Segment Start: Given data

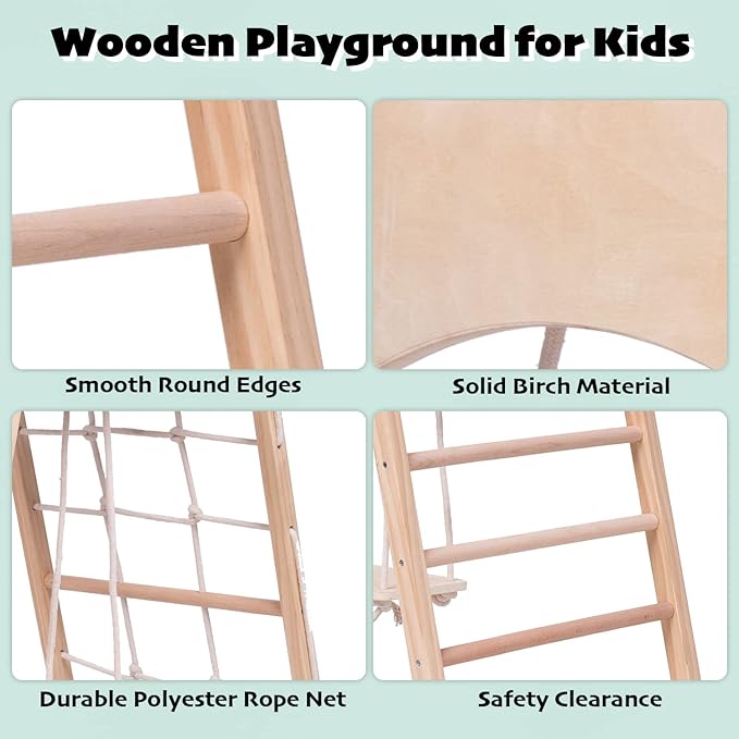 - 【Scientific and Practical】: Under the scientific structural design and functional combination, all the play functions of this set of wooden playsets can help children better develop physical coordination and physical vitality, and can also help them develop synergy when playing with their friends, is an indispensable set of comprehensive equipment in excellent family education.
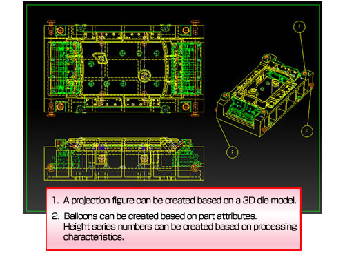 This tool enables a creation of 2D drawings based on the data of 3D die model.
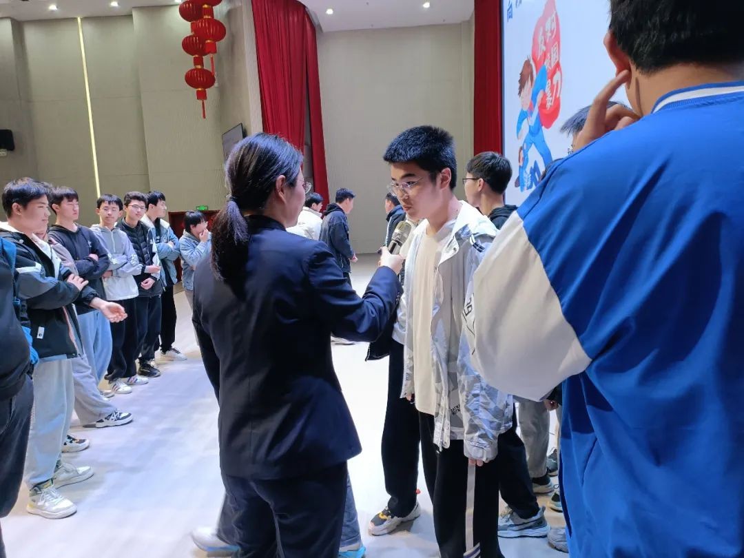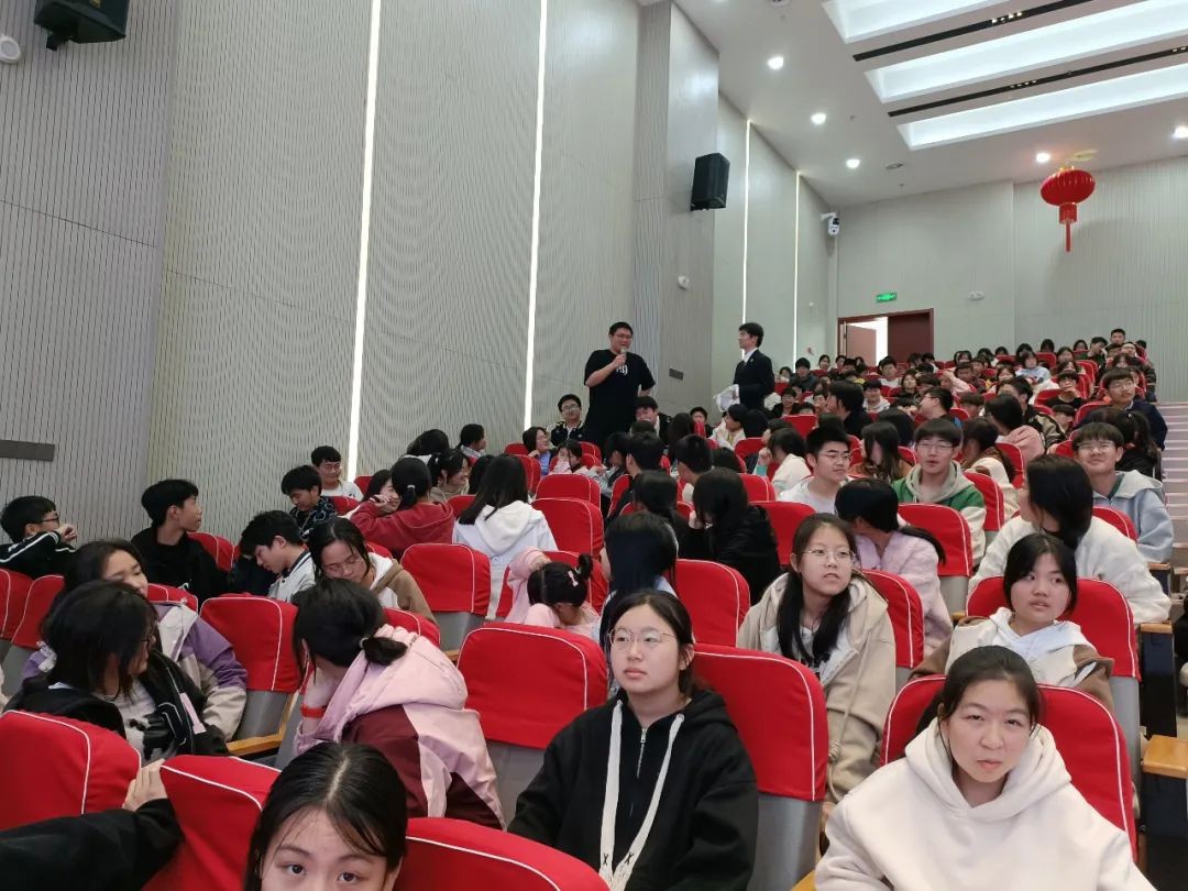 为了提高学生兴趣、活跃现场气氛,韩主任还为同学们设置了法律知识抢答环节,让同学们在互动中牢记法律知识,提升法治意识。工作人员还为积极互动的同学准备了丰富的纪念品,会场上同学们积极抢答,热情高涨。在最后的宣誓环节,韩校长还带领学生们玩起了飞花令游戏,挑选出同学们最认可的领读人。同学们全场起立、积极参与,将本次活动推向高潮。

Segment End: Given data

● **What is expected**
Copy nothing but the lines from the one containing "This tool enables" through the last line of the listing above, transcribed exactly and with no pictures.

● **Output for this task**
 This tool enables a creation of 2D drawings based on the data of 3D die model.
 为了提高学生兴趣、活跃现场气氛,韩主任还为同学们设置了法律知识抢答环节,让同学们在互动中牢记法律知识,提升法治意识。工作人员还为积极互动的同学准备了丰富的纪念品,会场上同学们积极抢答,热情高涨。在最后的宣誓环节,韩校长还带领学生们玩起了飞花令游戏,挑选出同学们最认可的领读人。同学们全场起立、积极参与,将本次活动推向高潮。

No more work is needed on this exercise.